From iDigBio - About the Cisco Pit Stop: Digitising the Natural History Museum’s collections

For optimum results, digitization of collections needs to go faster, right? Of course, this includes addressing data quality and completeness. Companies periodically review the hardware and software they use because technological advances offer businesses the opportunity to do more for less money, and save time, reach more people, and improve and connect data in new ways. (see Moore's law https://en.wikipedia.org/wiki/Moore's_law, for example)

For digitization of collections and publishing, the same thing is true. We need a periodic review of what we're doing, and we need new insights and new ideas from new collaborators. The physical objects themselves may change slowly through geologic time, but collecting practices, preservation methods, data standards, data publishing, and data sharing methods – may evolve, can evolve at a much faster rate. To speed up development of collections digitization - and publishing, what activities and models might speed up discovery and dissemination of new methods?
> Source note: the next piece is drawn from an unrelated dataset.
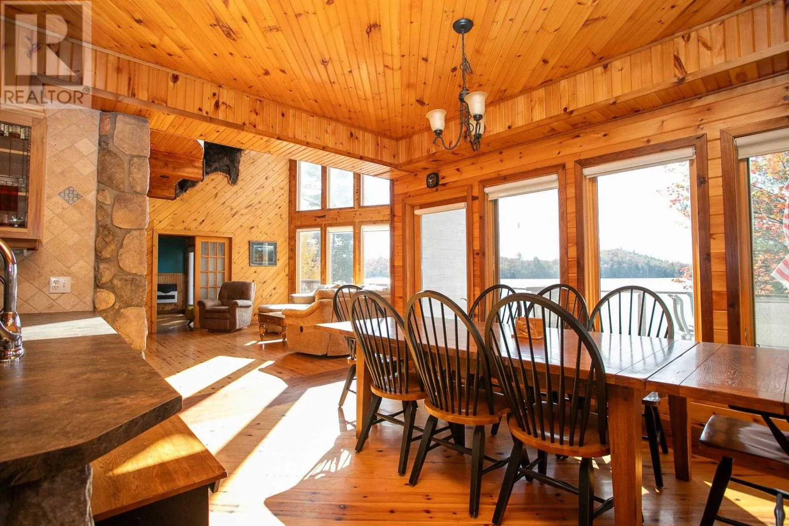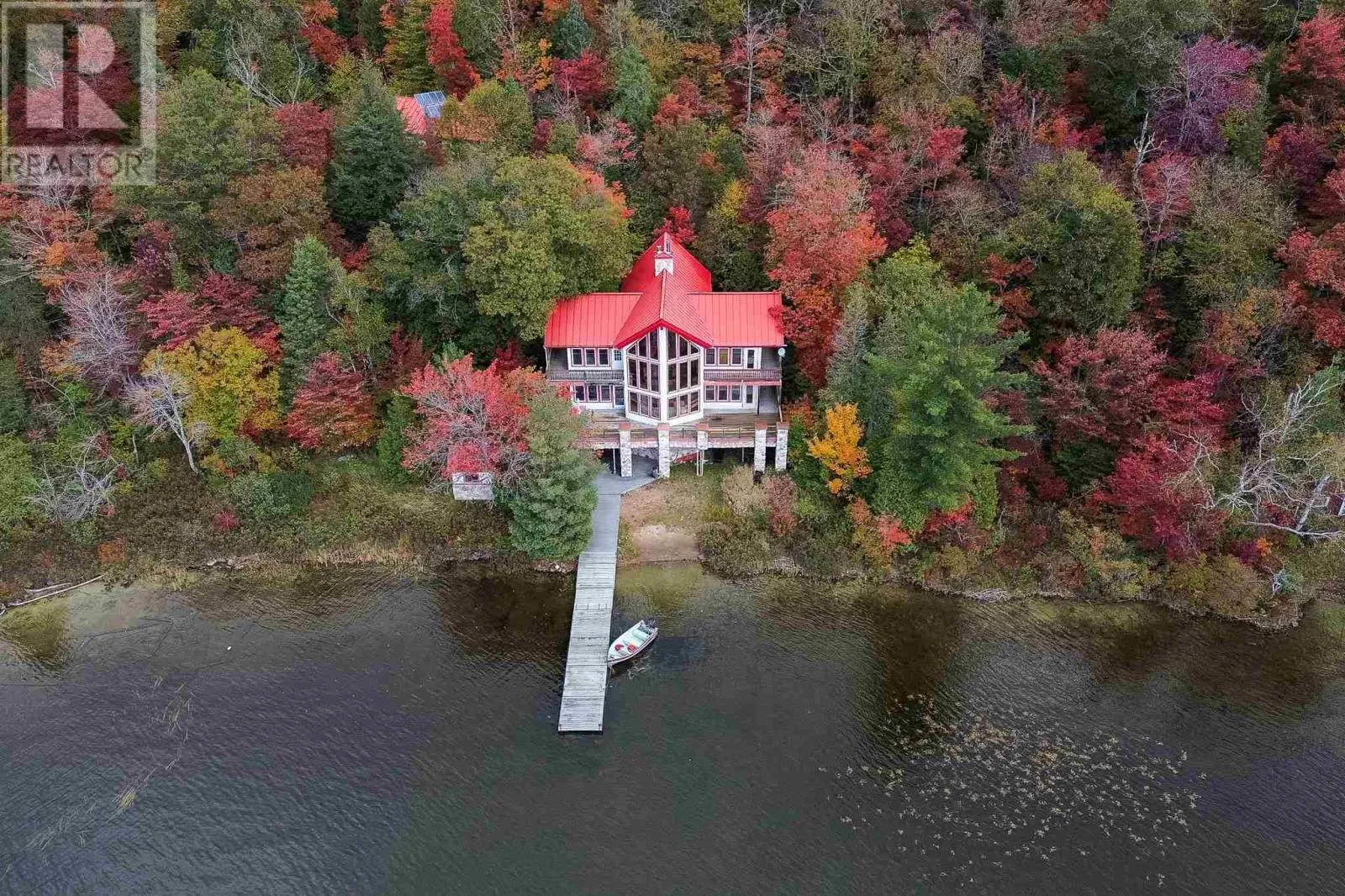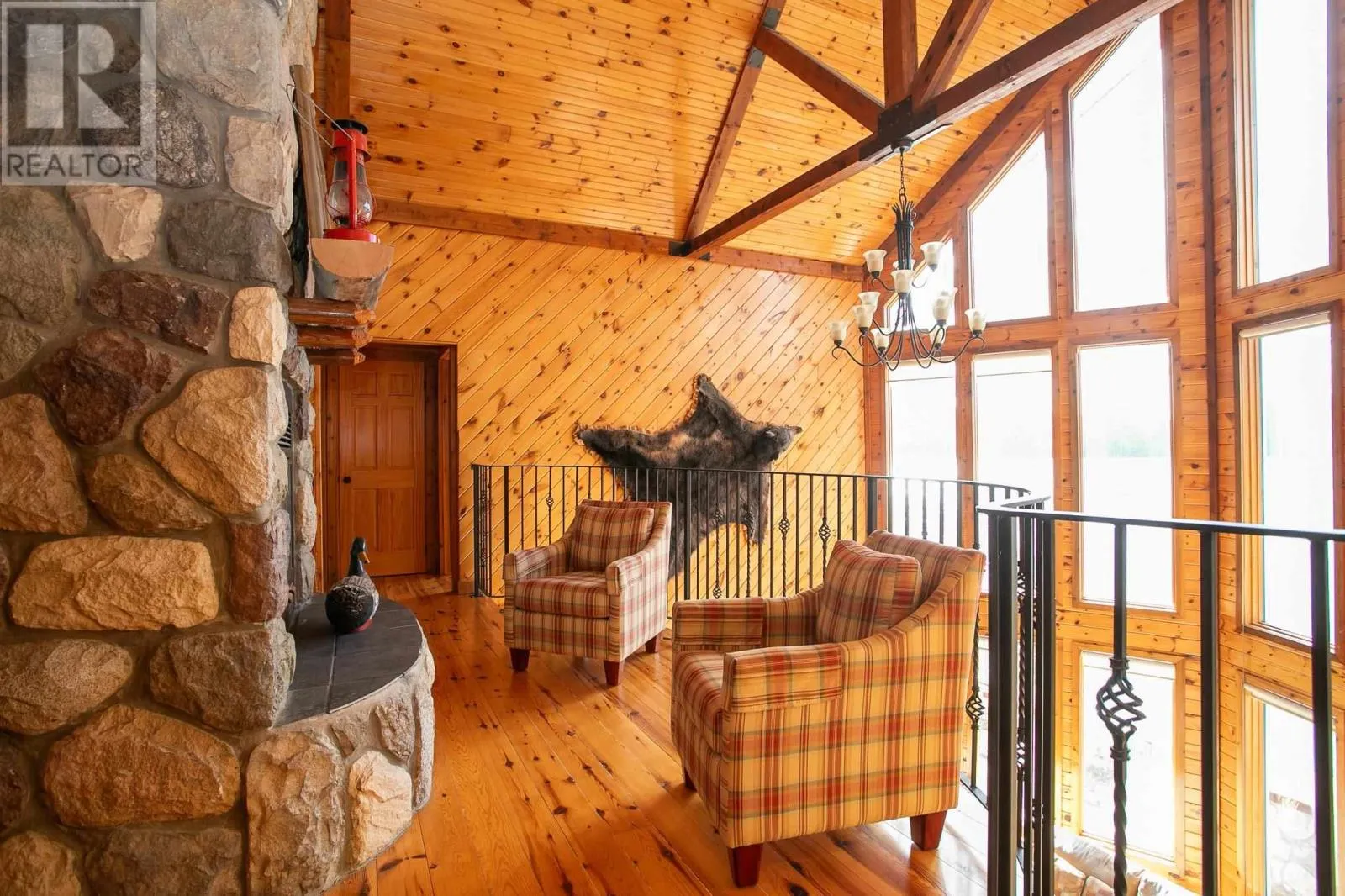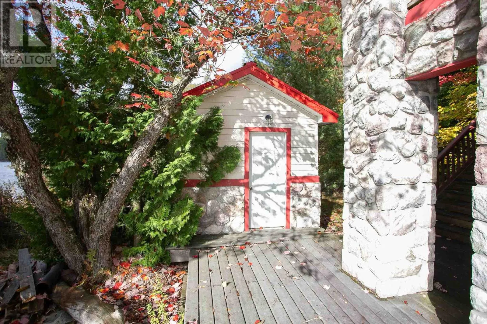 Highway 17 North, turn right onto Trout Lake Road, left on Marina Road. Water Access Retreat with Breathtaking Views & Endless Potential. Welcome to your dream lakeside getaway â a meticulously crafted, approx. 2,100 sq. ft. custom-built two-storey cottage featuring timeless pine interiors, hardwood flooring throughout, custom wrought iron railings, high-end hardie board exterior siding and charming architectural details that perfectly blend rustic warmth with elevated comfort. This four-bedroom retreat boasts garden doors and private balconies off every bedroom, vaulted ceilings in the upper bedrooms and living room, and stunning stone wood-burning fireplaces on both levels. The spacious main floor primary suite offers a walk-in closet and a private 3-piece ensuite. Enjoy a true open-concept layout anchored by a handcrafted pine kitchen and ceramic-tiled wet areas. The second-floor bathroom includes in-suite laundry, with a 3-piece setup. A steel roof ensures durability on the main cottage, sauna, and bunkie, while expansive front and covered rear decks invite seamless indoor-outdoor living. Guest & Lifestyle Features: Two-bedroom bunkie with 3-piece bath, utility room with 16-battery solar storage, generator, and solar panel system, Traditional wood-fired sauna with change room, Private dock for waterfront enjoyment with sand beach, Vaulted loft with steel rod railings offering additional living or recreational space. Boat storage/garage at main level with full garage door for outdoor item storage Systems & Lot Highlights: 100 amp electrical panel, Septic system with bed and two tanks, Water intake present, Surrounded by crown land to the left and behind property, Public sand beach close by, Quiet end of the lake with tons of privacy. Perfectly positioned to capture peaceful waterfront views and designed for multi-generational enjoyment, this exceptional property offers both off-grid independence and timeless cottage charm. A rare opportunity to own a waterfront haven with incredible potential for personal use or future investment. (id:27476)

Sackler Biodiversity Imaging Laboratory Manager

A Possible Example - a CISCO Pit Stop.
Note, the Natural History Museum London (NHM) is attempting to digitize 20 million (M) specimens in 5 years as part of their Digital Collections Programme (see also http://www.nhm.ac.uk/our-science/our-work/digital-museum.html). At their current digitization (data capture and imaging) rate, it would take about 100 years to capture 20 M specimens worth of data. So, what to do? One, starting with a known rate of image/data capture, the NHM knows they must capture at least 2000 images/day to meet their 5-year goal. Two, a skills assessment of staff (researchers, curators, collection managers and technical assistants) revealed what courses and content might be offered to potentially speed up human data and image capture skills and improve data quality at the same time. For at least some of this capacity building, the NHM is using Data Carpentry course materials and workshops.
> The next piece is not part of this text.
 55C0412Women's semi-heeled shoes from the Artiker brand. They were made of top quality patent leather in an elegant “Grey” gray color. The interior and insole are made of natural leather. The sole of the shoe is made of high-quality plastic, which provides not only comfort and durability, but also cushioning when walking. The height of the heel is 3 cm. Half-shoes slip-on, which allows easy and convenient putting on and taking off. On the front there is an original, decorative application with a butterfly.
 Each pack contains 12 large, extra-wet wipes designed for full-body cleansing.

And three, the NHM found a way to look for innovation, for key digitization challenges, through the eyes of some new potential collaborators. Working in concert with CISCO, the NHM partnered with the UK Digital Catapult Centre (DCC) to invite small to middle-size enterprises (SMEs) to a 2-day Pit Stop meeting to learn about the NHM’s 5 year 20 M specimen challenge. On 25-26 February, 67 people gathered at the NHM and the DCC for 2 days of brainstorming on how to speed up collections digitization. Day 1 began at the NHM with talks from CISCO, the NHM's Vince Smith, and Rod Page, followed by behind-the-scenes collection tours from Vladimir Blagoderov in the Sackler Biodiversity Imaging Lab, and Sandra Knapp in the Herbarium. Considering that the museum collections and digitization worlds were completely new to many of these organzations, I was thrilled to be asked to start day 2 by giving an overview of some of the specific challenges facing collections trying to digitize. So, one particularly nifty (yes, nifty!) part of this event included an artist, John McKeever (on twitter @GoodStick) whose job it is to animate the story from a person’s talk. John makes a powerpoint come alive and take the form of a narrative in illustration format. How cool is that? You can literally see what I talked about.
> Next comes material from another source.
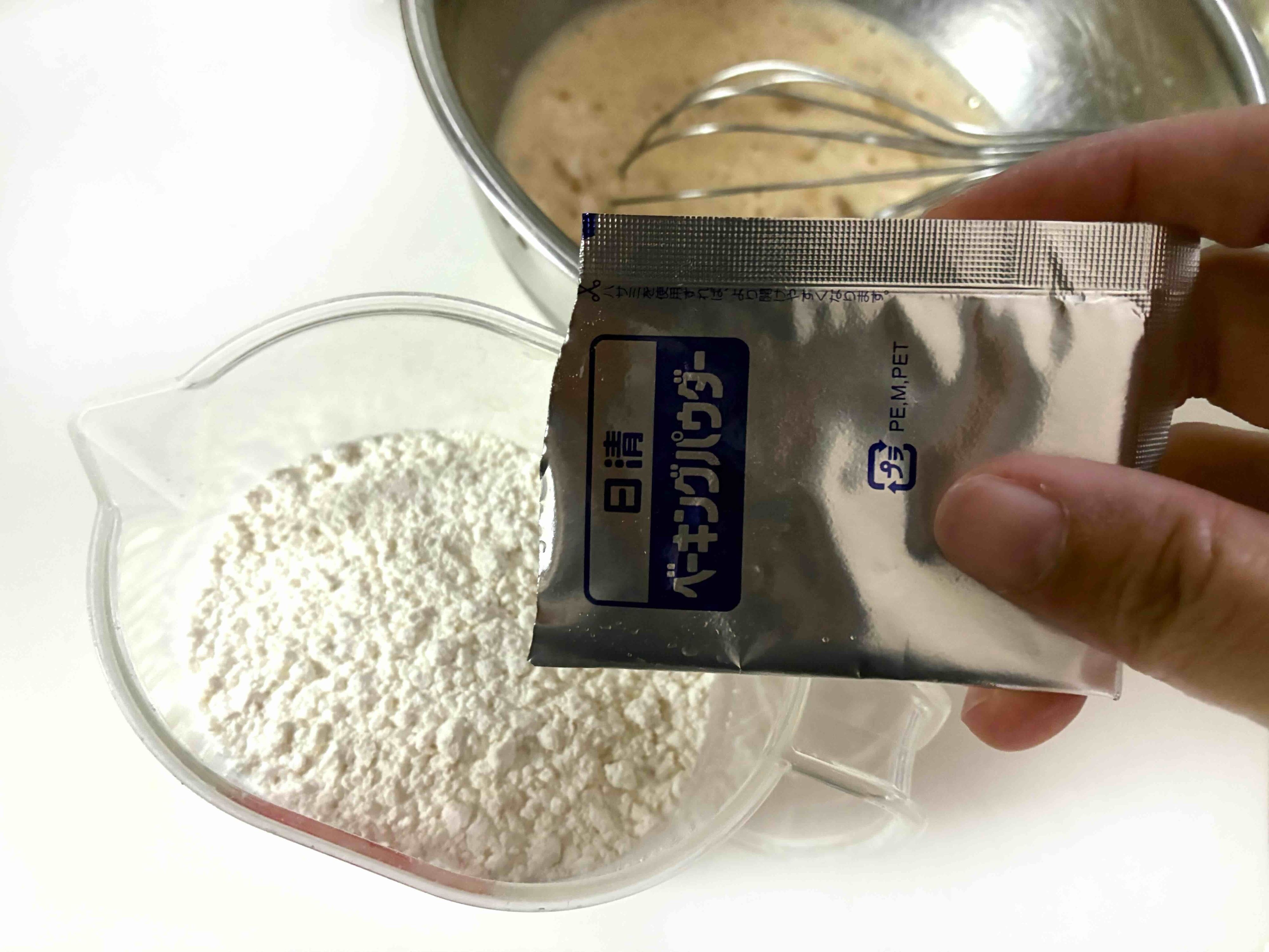 ベーキングパウダーは量った薄力粉の上に入れちゃいましょう。

SMEs were selected from those who answered a Call for Participation (CFP) put together by the DCC, NHM and CISCO. Participants were invited to participate in the CISCO Pit Stop based on evaluating the SME’s for best match to the NHM 3 main challenges to be addressed. Interesting (but perhaps not surprising) to note that, so far, most of the SMEs answering the CFP found the data / text mining tasks most intriguing and addressable with the skills and tools they bring to our digitization data capture, mobilization, and imaging challenges. Next, from the DCC website, the Pit Stop focused on three key challenges as follows:

  1. Specimen metadata transcription: exploring efficient ways of capturing text at scale. ...Potential solutions to improve efficiency could include OCR for printed tags and HTR (Handwriting Transcript Recognition). NHM manually digitised records will be available if required for training data.
  2. Data quality enhancement of legacy data and output from any transcription processes: looking at data cleaning methods and how these can be automated. This could incorporate NLP/machine learning/text processing for analysis; it might also be addressed by using gamification/crowd sourcing over time.
  3. Text/data/literature mining and linking: enhancing the value of specimen data by extracting the semantic information and linking to relevant data be it in published literature archives or online and provide new metrics to track the impact and use of digital collections.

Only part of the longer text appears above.